Action item => Lines from the one containing "2017年上半年北艺名师大讲堂信息统计" through the last line of the data are to be returned exactly, both ends included, minus any pictures.

Supplied information =>
━━━━━━
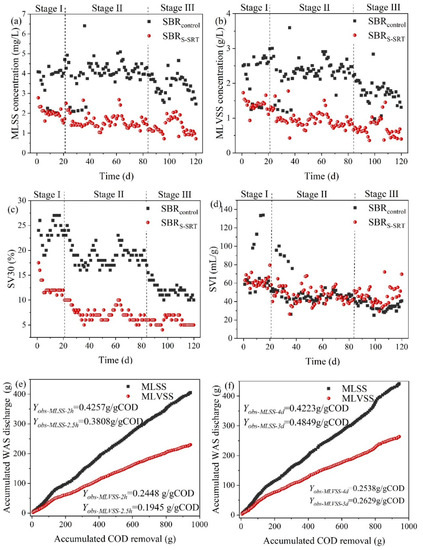 The operational stability was assessed by the measurements of MLSS, MLVSS, SVI, and Yobs as shown in Figure 2. The average MLSS, MLVSS, SVI, MLVSS/MLSS, and the p-value (t-test) of the two SBRs during each stage are shown in Table S1. The average concentrations of MLSS in SBRS-SRT decreased with the decrease in SRT, as shown in Figure 2a. The average ratios of MLVSS/MLSS decreased from 60.2 ± 6.1% to 54.0 ± 8.0% with the SRT shortening from 4 d to 3 d in SBRS-SRT, which was not consistent with the study in [15]. As shown in Table S1, the average MLVSS/MLSS ratios of SBRS-SRT remain slightly higher than SBRcontrol (54.0 ± 8.0% vs. 51.2 ± 6.3%, p = 0.10). This phenomenon might be caused by the difference and instability of sewage quality. However, a higher MLVSS/MLSS was beneficial to the sequential AD treatment of WAS [18].
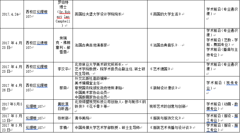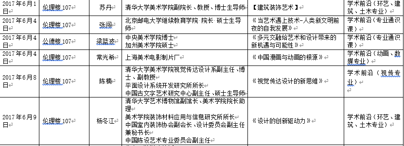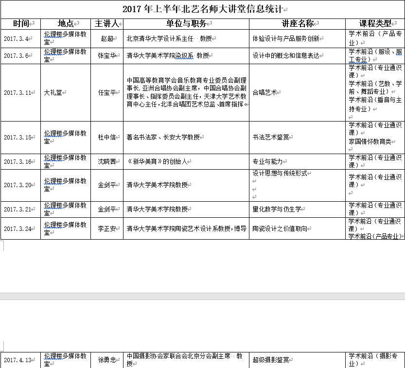2017年上半年北艺名师大讲堂信息统计
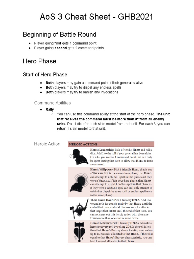 Aos 3 Cheat Sheet Ghb2021 Beginning of Battle Round PDF Battles
━━━━━━
Solution to the problem =>
2017年上半年北艺名师大讲堂信息统计
 Aos 3 Cheat Sheet Ghb2021 Beginning of Battle Round PDF Battles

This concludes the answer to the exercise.